If you’re a fan of Bleach it usually means You Were There, or at least imagined yourself so, when Nirvana’s first full length came out twenty years ago. Sub Pop has reissued the Platinum Certified album as a deluxe CD with mostly-photo booklet, or in 180 gram white vinyl (as was the original run), and now of course in download versions. The big news, besides discovering the actual great album for yourself if you never have before, is that all the formats include Live at Pine Street Theatre from a February 1990 show in Portland. The seventh track in that set list is the cover of “Molly’s Lips,” played to a crowd that probably knew who the Vaselines were in the first place.

The main difference between a Bleach fan and an In Utero fan is this, basically: The former is perfectly fine with Chad Channing’s drumming on most of the tracks (the Melvins’ Dale Crover plays on “Paper Cuts,” “Downer,” and one of Nirvana’s best early songs, “Floyd The Barber”), and feel it more punk than rock.

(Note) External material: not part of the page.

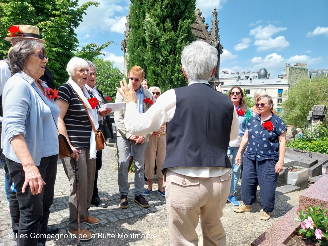 Pour le printemps des cimetières, quelques Compagnons dirigés par Brigitte Mazères ont chanté leur chanson sur Utrillo, sur la tombe d'Utrillo," nous avions l'impression d'être dans le ciel et de porter nos voix jusqu'à lui" .

In Utero featured a band with a very gifted frontman figuring out a new language for popular music, expressing marginalized feelings and very peculiar observations about the world, the flesh, and the pride of life. And Dave Grohl, who slammed the drums into complete rock and roll submission (trained from his days as a D.C.-era metal-inclined workhorse).

But Bleach is when a misfit just found that voice, and it wasn’t just Cobain’s, it was Channing’s and bassist Krist Novoselic’s too. It had no real vocabulary yet, save for Bowie-into-Badfinger pop culture collages (“About A Girl”), faux butt rock guitar noodling (on the cover of “Love Buzz,” a joke that gets weary fast when listening to it now), and a deep love for John Cale-era sounding Velvet Underground almost wordless transgression (I will never tire of “Floyd The Barber,” an ode to the sadism of conformity still not bested since by any rock group). Bleach is not a perfect album, and so is best appreciated by people who like their music to always be forming. The sequence is the best you can imagine, and yet there are some dull spots just because of the expected amorphousness of its college rock-period creation-time.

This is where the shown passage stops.